Questions: Shell Execution Model and Command Processing
5 questions to test your understanding
Score: 0 / 5
Question 1 Multiple Choice
When you run `sort < input.txt > output.txt`, which entity actually opens the files and connects them to the process's stdin and stdout?
AThe sort program reads the redirection syntax and opens the files itself
BThe shell opens the files and connects them to file descriptors in the child process before calling exec
CThe kernel parses the redirection operators and routes I/O automatically
DThe shell passes the filenames as command-line arguments to sort
The shell handles all redirection setup. After forking a child process, the shell (in the child) opens input.txt and connects it to file descriptor 0 (stdin), opens output.txt and connects it to file descriptor 1 (stdout), *then* calls exec to replace the child with sort. The sort program simply reads from stdin and writes to stdout — it has no knowledge of any redirection. This is why redirection works with any program, even those with no awareness of it.
Question 2 Multiple Choice
In the pipeline `cmd1 | cmd2 | cmd3`, when does cmd1 begin executing relative to cmd2 and cmd3?

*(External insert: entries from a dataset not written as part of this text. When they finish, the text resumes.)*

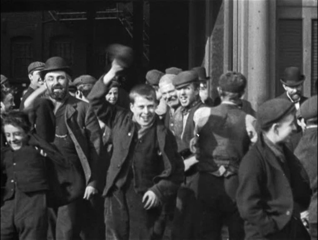 Victorian Manchester mill workers enjoy the novelty of a moving picture camera.
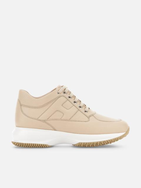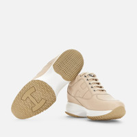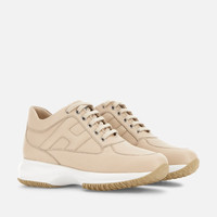- Women's Hogan Interactive Sneakers - Made in Italy - Nappa leather upper - Padded side H - Removable insole 0.5 ins - Rubber outsole - Total height 2.2 ins - Maintenance and care cards included - Fabric dustbag included - Additional laces included Hogan Interactive is a real timeless icon, characterized by an elegant design and a lightweight outsole to guarantee a tall-and-slim look. Since 1997 it gets renewed with each collection still representing an absolute functional and contemporary luxury icon. These sneakers in nappa leather come with a padded side H. Perfect for a sporty chic look.
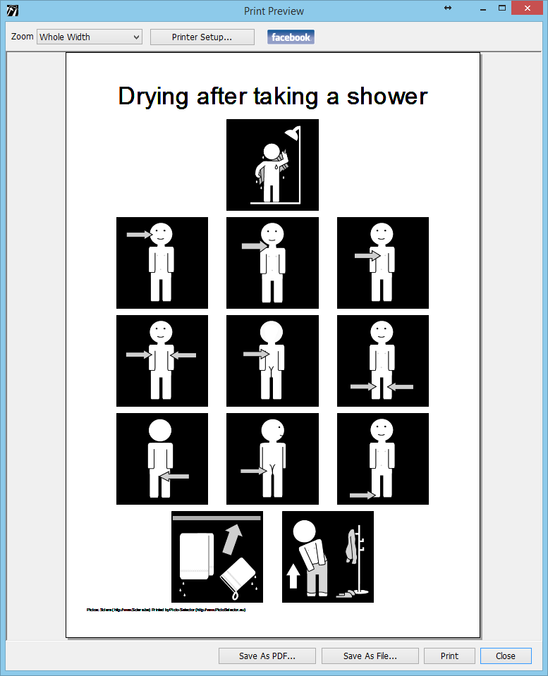 В меню выберите опцию “Напечать…”, откроется окно с вашим пикто-листом, отсюда вы можете отправить лист в печать на вашем принтере.

Acmd1 runs to completion, then its output is passed to cmd2, which runs to completion, then cmd3 runs
BAll three commands are forked and run concurrently, connected by pipes the shell created
CThe shell runs cmd1 in the foreground and cmd2, cmd3 in the background sequentially
Dcmd3 starts first to prepare its input buffer, then cmd2, then cmd1
Pipeline commands run concurrently. The shell creates the pipes, forks all three processes, wires their file descriptors to the appropriate pipe endpoints, and lets them all run simultaneously. The kernel buffers data as needed: cmd1 writes, cmd2 reads and writes, cmd3 reads. This concurrency is what makes pipelines efficient — cmd2 can start processing cmd1's output before cmd1 has finished. Option A (sequential execution) is the most common misconception about pipeline behavior.
Question 3 True / False
Variable expansion (e.g., $HOME) and glob expansion (e.g., *.txt) happen inside the child process after exec() is called.
TTrue
FFalse
Answer: False
All expansion happens in the shell process *before* fork. The shell substitutes $HOME with its value, expands *.txt to the matching list of filenames, and processes command substitutions, all before creating any child process. The child receives only the final, expanded arguments. This is why quoting matters: `echo '$HOME'` suppresses expansion and the child sees the literal string, while `echo "$HOME"` allows it and the child sees the expanded value.
Question 4 True / False
A child process created by the shell inherits its parent's open file descriptors, including stdin, stdout, and stderr.
TTrue
FFalse
Answer: True
Fork creates a nearly identical copy of the parent process, including its open file descriptor table. The child inherits all open file descriptors from the shell — including stdin (0), stdout (1), and stderr (2). This inheritance is what makes redirection possible: the shell can modify these file descriptors in the child *after fork but before exec*, and those modifications persist through the exec call. The executed program starts with whatever file descriptors the shell set up.
Question 5 Short Answer
Explain why quoting matters in shell commands. What specific shell behavior does quoting control, and what problem does it prevent?
Think about your answer, then reveal below.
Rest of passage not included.